И этот парень, что меня вчера в ночи на пляже оставил, одну-одинешеньку и пьяную, на твое, слава Богу, попечение, – он об этом обо всем прекрасно знает. Я ему сама в этом призналась в минуты наибольшей близости и единения – в какую-то из ночей я ему это на ухо прошептала перед сном. Было это тогда, когда моя любовь к нему была безгранична. Я в нем все любила. Даже то, как он мажет хлеб маслом. Да, так и было. И поэтому я так сильно боялась. Потому что думаю, что любовь никогда, наверно, не рождается в одиночку – как единственный ребенок в семье. С ней вместе всегда рождается ее близнец – страх. Но он боялся и боится еще больше, чем я, и, наверно, думает, что, чем больше я буду страдать – тем послушнее стану, и тогда он будет мною обладать еще в большей степени. И тогда он будет бояться меньше. Сраный эгоист! Шантажирует меня своим страхом! Но я ему этого не позволю. Мой страх все равно всегда будет больше.
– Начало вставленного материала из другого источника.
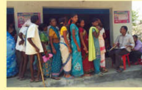
● సంచార వైద్య చికిత్సా సేవ

2011 నుండి 2014 వరకు స్వామి వివేకానంద 150 జిల్లాలలో త్వచాలను ఘనంగా నిర్వహించింది. ఈ సందర్భంగా అనేక కార్యక్రమాలు జరిగాయి. ఆశ్రమం స్థాపించి 75 సం॥లు అయిన సందర్భంలో 2014 లో ఆశ్రమ అమ్మతోత్సవాల సందర్భంగా ఉపాధ్యాయుల వర్క్ షాపు విద్యార్థులకు పోటీలు, యువజన నమ్మకనాలు నిర్వహించబడినవి. స్వామిజీ జీవితం ఉపదేశాలతో కూడిన తోలు బొమ్మలటలు నిర్వహించబడినవి. ముగింపు ఉత్సవాల సందర్భంగా ఆంధ్రా-తెలంగాణ భక్త నమ్మకనం జరిగింది. సుమారు 3000 మంది భక్తులు, 70 మంది సన్యాసులు పాల్గొన్నారు. 2015 సం॥లో ఆలయ సంప్రతికా రజతోత్సవాలు నిర్వహించబడినవి.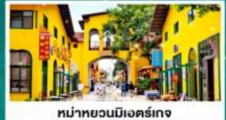
หมู่บ้านมื่อเอ๋อร์เกง

В каком-то смысле настоящую, искреннюю и красивую любовь можно узнать именно по этому страху. И признаться в этом страхе – значит признаться в любви. Ты так не думаешь, Убожик? Но мало кто так красиво признается в любви – если кто-то вообще так делает. «Я люблю тебя так, что трясусь от страха при мысли, что могу тебя потерять или делить с кем-то еще». Я примеров такого признания не знаю даже в Голливуде. И уж тем более в церкви, которая всегда о любви разглагольствует. И это меня несказанно удивляет, потому что уж в церкви-то я в первую очередь ожидала бы увидеть пропаганду этого страха, тревоги и неуверенности. Ведь и церкви-то самой сегодня не было бы, если бы не еженедельный страх, который церковь в народ несет каждое воскресенье. Церковь этим страхом живет, благодаря ему она свои подносы наполняет. Но вот о любви как о страхе потери с амвона почему-то не услышишь. В церкви о любви говорят обычно как о недосягаемой для человека благодати и лишь иногда – как об эросе. И только единицы понимают, что прекрасный Эрос – это нечто гораздо большее, чем просто животное либидо. Нечто гораздо, гораздо большее. А большинство очень глупо путают эрос с либидо. А ведь это все равно что назвать, например, «Гранд-отель-Сопот» «местом, где можно переночевать в Сопоте». Вроде бы и правда – но коннотация сильно изменена. Разве нет?!